Der Umgang mit der Sünde am Jom Kippur
Der Versöhnungstag, oder „Jom Kippur“, wird in der Bibel als ein Tag beschrieben, der jedes Jahr speziell dafür vorgesehen ist, sich mit der Sünde auseinanderzusetzen. Anstatt jedoch unsere Sünden als Einzelne vor Gott zu bringen, wurde der Versöhnungstag in der Bibel als eine Möglichkeit festgelegt, sich gemeinsam, als Nation, mit der Sünde auseinanderzusetzen.
Es scheint, dass Israel diese Gelegenheit für einen Neuanfang braucht – vielleicht heute mehr denn je.
Israels Krieg an mehreren Fronten umfasst nicht nur die sieben feindlichen Kräfte, die das Land umgeben – die Hamas, die Hisbollah und die Houthis sowie terroristische Gruppierungen im Westjordanland, in Syrien und im Irak und natürlich das islamische Regime im Iran –, sondern auch einen unaufhörlichen Medienkrieg, der zur achten Front geworden ist.
Nun zeichnet sich eine neunte Front ab: der Konflikt innerhalb Israels selbst, da sich verschiedene Fraktionen zunehmend gegenseitig bekämpfen. Israel ist eine zerrissene Nation, die dringend Heilung benötigt.
Vor zwei Monaten begingen wir „Tisha B’Av“ und trauerten um die beiden Tempel, die an jenem historischen Tag zerstört wurden – laut den Überlieferung der jüdischen Weisen aufgrund „grundlosen Hasses“ zwischen Brüdern.
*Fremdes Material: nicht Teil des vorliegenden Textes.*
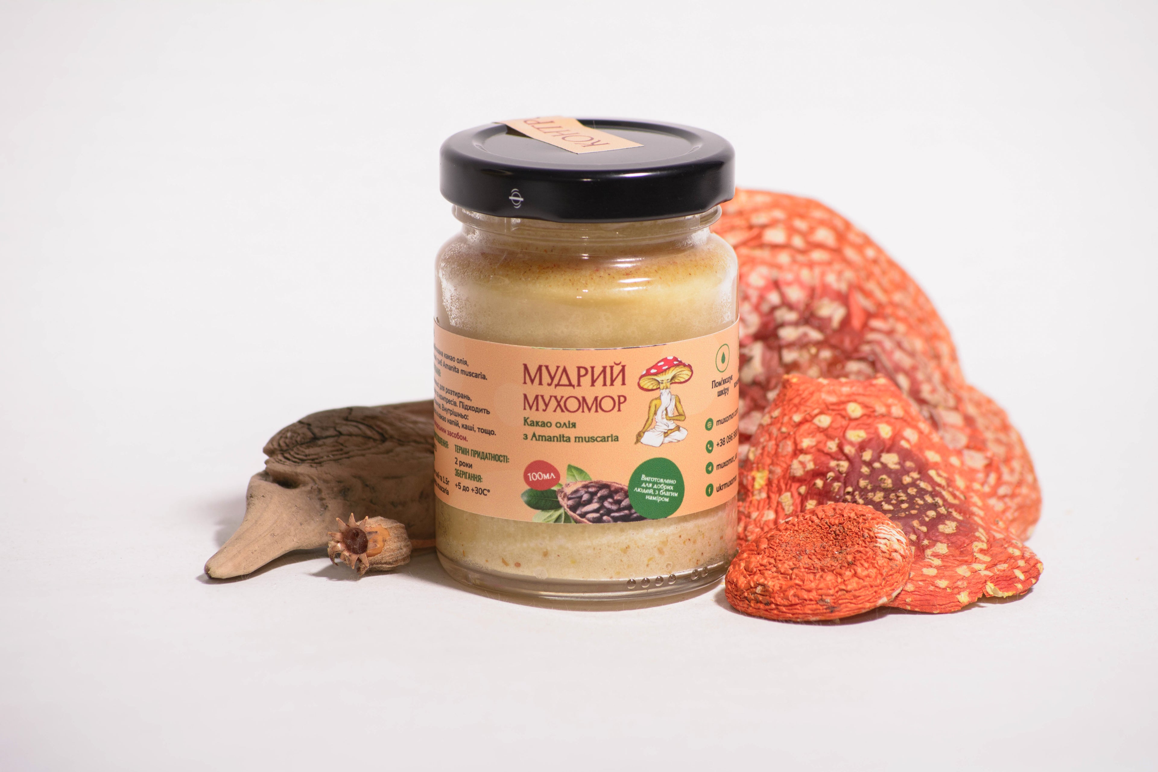 Мухомор червоний посилює дію Какао масла, додаючи йому кілька власних корисних властивостей. Гриб не лише знищує шкірних кліщів, але й:

Nun erleben wir, wie die Ultraorthodoxen in heftigen Konflikt mit säkularen Israelis geraten, radikale Siedler wie die „Hilltop Youth“ (Hügeljugend) in gewalttätige Zusammenstöße mit Palästinensern verwickelt sind, während friedensorientierte Israelis versuchen, deren Handlungen zu verhindern, und wie Politiker die extremistischste Rhetorik in der Geschichte des modernen Israels an den Tag legen.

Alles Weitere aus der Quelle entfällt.